I’ve been experimenting with local models for a while now, and the progress in making them accessible has been exciting. Initial experiences are often fantastic, many models, like Gemma 3 270M, are lightweight enough to run on common hardware. This potential for broad deployment is a major draw.

However, as I’ve tried to build meaningful, specialized applications with these smaller models, I’ve consistently encountered challenges in achieving the necessary performance for complex tasks. For instance, in a recent experiment testing the tool-calling efficiency of various models, we observed that many local models (and even several remote ones) struggled to meet the required performance benchmarks. This realization prompted a shift in my strategy.

I’ve come to appreciate that simply relying on small, general-purpose models is often insufficient for achieving truly effective results on specific, demanding tasks. Even larger models can require significant effort to reach acceptable levels of performance and efficiency.

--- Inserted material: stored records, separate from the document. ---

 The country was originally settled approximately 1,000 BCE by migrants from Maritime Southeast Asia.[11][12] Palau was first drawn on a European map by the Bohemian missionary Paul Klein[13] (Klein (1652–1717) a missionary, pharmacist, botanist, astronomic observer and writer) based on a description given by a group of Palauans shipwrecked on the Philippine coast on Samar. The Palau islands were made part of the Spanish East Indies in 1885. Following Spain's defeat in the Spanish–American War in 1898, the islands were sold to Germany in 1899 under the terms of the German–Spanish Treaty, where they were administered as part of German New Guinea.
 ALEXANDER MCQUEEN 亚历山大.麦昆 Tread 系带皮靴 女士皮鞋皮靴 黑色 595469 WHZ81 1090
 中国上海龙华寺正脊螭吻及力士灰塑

And yet, the potential of local models is too compelling to set aside. The advantages are significant:

Privacy

Offline capabilities

No token usage costs

No more “overloaded” error messages

So I started looking for alternatives, and that’s when I came across Unsloth, a project designed to make fine-tuning models much faster and more accessible. Its growing popularity (star history) made me curious enough to give it a try.

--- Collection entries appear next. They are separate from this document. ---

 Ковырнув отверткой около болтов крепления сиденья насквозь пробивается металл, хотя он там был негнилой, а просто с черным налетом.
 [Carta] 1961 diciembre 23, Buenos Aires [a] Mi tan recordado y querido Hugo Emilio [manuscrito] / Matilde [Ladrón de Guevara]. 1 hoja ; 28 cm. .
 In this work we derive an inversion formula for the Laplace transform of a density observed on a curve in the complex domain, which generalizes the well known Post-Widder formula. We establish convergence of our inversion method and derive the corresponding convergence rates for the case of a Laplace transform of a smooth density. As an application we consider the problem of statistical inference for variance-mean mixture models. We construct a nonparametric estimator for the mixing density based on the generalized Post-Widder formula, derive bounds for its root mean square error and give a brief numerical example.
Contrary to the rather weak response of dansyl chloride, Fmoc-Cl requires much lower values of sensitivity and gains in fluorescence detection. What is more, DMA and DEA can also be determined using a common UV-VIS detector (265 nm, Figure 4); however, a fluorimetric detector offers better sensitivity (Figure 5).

In this post, I’ll walk you through fine-tuning a sub-1GB model to redact sensitive info without breaking your Python setup. With Docker Offload and Unsloth, you can go from a baseline model to a portable, shareable GGUF artifact on Docker Hub in less than 30 minutes. In part 2 of this post, I will share the detailed steps of fine-tuning the model. 

Challenges of fine-tuning models

Setting up the right environment to fine-tune models can be… painful. It’s fragile, error-prone, and honestly a little scary at times. I always seem to break my Python environment one way or another, and I lose hours just wrestling with dependencies and runtime versions before I can even start training.

Fortunately, the folks at Unsloth solved this with a ready-to-use Docker image. Instead of wasting time (and patience) setting everything up, I can just run a container and get started immediately.

Of course, there’s still the hardware requirement. I work on a MacBook Pro, and Unsloth doesn’t support MacBooks natively, so normally, that would be a deal-breaker.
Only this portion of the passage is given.